Using the method described above, the compiler may not be able to avoid all hazards, in which case the remaining hazards may be detected by the hardware (e.g. within the GPU or more specifically within the sub-processor) and addressed as part of the scheduling process (e.g. by the burst scheduler 108). In addition, or instead, the sub-processor may detect where a burst instruction operand read clashes with writeback for a previous burst instruction write and will stall the reading instruction.

When modifying the burst instruction schedule to address hazards (in block364), the compiler may also seek to increase (or maximise) the possibility of forwarding within a burst. As shown in FIG. 3, the compiler then modifies the relevant instruction fields in those instructions where forwarding is possible, to indicate that the hardware should use the forwarding paths 113 within the sub-processor for reading one or more operands (block 365). Where it is guaranteed that the burst cannot stall, as well as adding in the forwarding paths, the compiler can modify the producing instruction so that the result is never written to an ABR. If there is a possibility that the burst could stall, an ABR is provided for relevant destination/sources as a precaution and the write may be performed always or only in the event of a stall. If at runtime forwarding is possible, power is saved at least through the omission of a read from the ABR and in some cases also through the omission of the write to an ABR. For example, the compiler may modify burst instructions to set a ‘forwarding bit’ in an instruction to indicate that forwarding is possible for a particular source. The sub-processor hardware can then read the forwarding bit(s) and assuming the instruction is not stalled (e.g. due to a bank clash), it can read the indicated sources from the forwarding paths.

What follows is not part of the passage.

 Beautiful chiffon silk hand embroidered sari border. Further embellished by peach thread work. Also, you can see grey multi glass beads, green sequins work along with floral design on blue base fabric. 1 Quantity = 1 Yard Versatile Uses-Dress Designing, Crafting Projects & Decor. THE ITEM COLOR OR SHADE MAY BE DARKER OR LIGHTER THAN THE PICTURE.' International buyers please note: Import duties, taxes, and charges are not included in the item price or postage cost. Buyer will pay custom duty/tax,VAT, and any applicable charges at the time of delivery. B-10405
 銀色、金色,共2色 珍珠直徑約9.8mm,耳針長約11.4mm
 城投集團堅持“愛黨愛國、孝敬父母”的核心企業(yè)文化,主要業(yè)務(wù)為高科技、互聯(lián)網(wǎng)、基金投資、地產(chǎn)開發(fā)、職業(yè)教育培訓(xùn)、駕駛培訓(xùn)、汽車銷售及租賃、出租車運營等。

Longer bursts, i.e. bursts containing more instructions, result in more savings in registers in the main processing part of the shader core because more values become intermediate values that only exist within a burst and so never need to be written out to these registers; however, longer bursts require that larger sections of the BIC 122 are locked. There may be a limit on the number of instructions that can fit into the locked lines within the BIC 122. Another limitation on the length of a burst is the requirement that circular dependencies within the control flow graph are not introduced (as described above). The number of ABRs does not impose a hard limit on the maximum burst length; however, if the burst is very large and there are only a few ABRs, it may result in an increase in the stalling of the ALUs which reduces overall efficiency.

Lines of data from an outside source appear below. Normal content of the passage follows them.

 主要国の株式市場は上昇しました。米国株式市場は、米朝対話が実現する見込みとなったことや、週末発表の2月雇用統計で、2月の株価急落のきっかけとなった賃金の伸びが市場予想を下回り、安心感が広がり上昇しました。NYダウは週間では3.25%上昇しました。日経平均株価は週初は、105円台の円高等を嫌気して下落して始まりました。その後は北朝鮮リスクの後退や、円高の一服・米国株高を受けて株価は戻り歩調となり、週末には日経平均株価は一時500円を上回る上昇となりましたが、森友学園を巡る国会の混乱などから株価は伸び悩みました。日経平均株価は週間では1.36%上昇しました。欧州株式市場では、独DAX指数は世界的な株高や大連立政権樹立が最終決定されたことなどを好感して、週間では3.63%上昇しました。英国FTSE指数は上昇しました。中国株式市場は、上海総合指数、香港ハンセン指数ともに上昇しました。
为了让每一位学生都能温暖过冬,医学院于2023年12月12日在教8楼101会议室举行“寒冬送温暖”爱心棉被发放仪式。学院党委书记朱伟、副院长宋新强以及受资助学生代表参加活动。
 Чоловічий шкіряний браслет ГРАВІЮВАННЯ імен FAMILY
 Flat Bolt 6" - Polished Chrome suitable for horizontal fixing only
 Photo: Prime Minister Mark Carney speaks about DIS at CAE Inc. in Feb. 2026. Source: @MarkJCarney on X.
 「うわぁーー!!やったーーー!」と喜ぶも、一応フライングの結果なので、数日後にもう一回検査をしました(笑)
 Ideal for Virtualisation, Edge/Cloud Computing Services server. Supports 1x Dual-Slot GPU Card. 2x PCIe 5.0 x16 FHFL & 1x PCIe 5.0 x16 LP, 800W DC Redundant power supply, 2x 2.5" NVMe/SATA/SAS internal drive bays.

The compiler may construct bursts to maximise data reuse (i.e. through the use of forwarding and/or ABRs) and then order the operations within the burst to first maximise forwarding (and therefore avoid NOPs) and then to maximise the potential use of ABRs. Small, unrelated bursts (i.e. independent bursts) may also be merged even though there is no reuse of data. This improves utilisation, reduces shader latency, reduces power consumption and improves overall performance.

In other examples, the compiler may construct bursts according to one or more of the following criteria (in order of priority): (1) minimise the number of NOPs, (2) maximise the use of the forwarding path, (3) maximise the use of ABRs to store results that are then read by subsequent instructions when the forwarding path cannot be used, and (4) maximise the use of ABRs to store operands that are used by multiple instructions within a burst to reduce reads from the registers outside the sub-processor. Minimising the number of NOPs reduces the number of cycles where the ALUs cannot be utilised and therefore improves utilisation. Use of the forwarding path minimises the latency between dependent instructions, which can reduce shader latency and improve overall performance in ALU-limited workloads. Aiming to use the ABRs (points 3 and 4) instead of accessing the registers outside the sub-processor reduces power.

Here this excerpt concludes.